- [TASK DETAILS]:
Among the records below, find the line with "Country living on" and the line with "emaille broche, met". Set down both and every line between, exactly and with no pictures, but nothing else.

- [DATA SECTION]:
——————————

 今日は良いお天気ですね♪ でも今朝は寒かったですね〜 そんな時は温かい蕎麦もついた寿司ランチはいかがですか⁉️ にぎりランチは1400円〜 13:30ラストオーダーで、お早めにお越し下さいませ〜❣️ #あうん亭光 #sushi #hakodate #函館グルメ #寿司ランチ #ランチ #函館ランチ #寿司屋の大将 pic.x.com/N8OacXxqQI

——————————

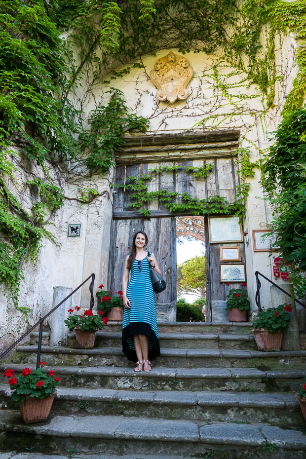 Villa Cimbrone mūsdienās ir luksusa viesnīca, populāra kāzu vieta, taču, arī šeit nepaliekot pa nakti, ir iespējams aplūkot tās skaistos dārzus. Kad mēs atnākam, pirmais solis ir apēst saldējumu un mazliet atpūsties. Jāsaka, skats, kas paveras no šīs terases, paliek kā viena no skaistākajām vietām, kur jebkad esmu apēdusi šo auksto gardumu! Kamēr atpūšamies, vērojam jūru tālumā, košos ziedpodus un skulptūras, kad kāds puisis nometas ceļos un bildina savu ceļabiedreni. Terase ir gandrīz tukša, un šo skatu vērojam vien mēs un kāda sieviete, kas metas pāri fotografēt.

——————————

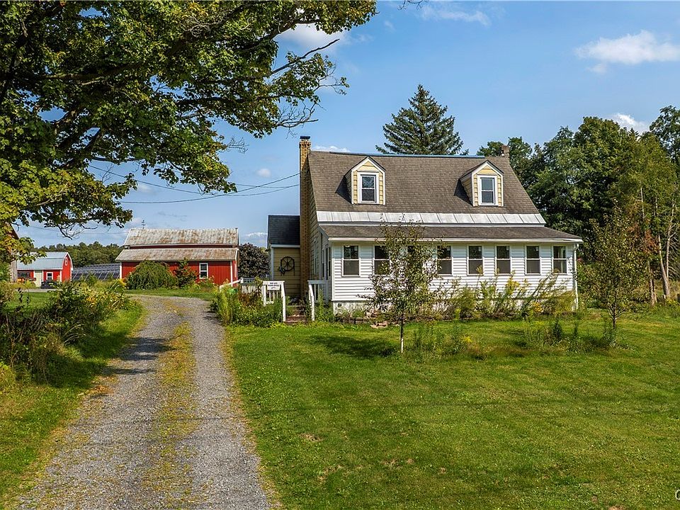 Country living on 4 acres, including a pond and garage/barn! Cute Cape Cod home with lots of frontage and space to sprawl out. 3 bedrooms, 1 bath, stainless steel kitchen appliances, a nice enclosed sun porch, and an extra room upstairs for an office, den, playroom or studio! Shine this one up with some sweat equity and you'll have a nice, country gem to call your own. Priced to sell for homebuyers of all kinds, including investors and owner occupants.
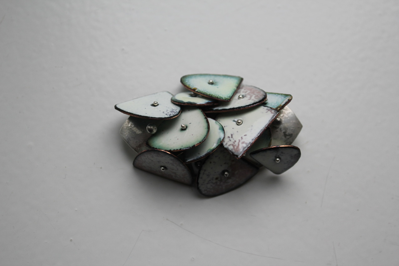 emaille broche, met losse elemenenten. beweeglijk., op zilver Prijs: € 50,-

——————————

- [RESULT OF THE TASK]:
 Country living on 4 acres, including a pond and garage/barn! Cute Cape Cod home with lots of frontage and space to sprawl out. 3 bedrooms, 1 bath, stainless steel kitchen appliances, a nice enclosed sun porch, and an extra room upstairs for an office, den, playroom or studio! Shine this one up with some sweat equity and you'll have a nice, country gem to call your own. Priced to sell for homebuyers of all kinds, including investors and owner occupants.
 emaille broche, met losse elemenenten. beweeglijk., op zilver Prijs: € 50,-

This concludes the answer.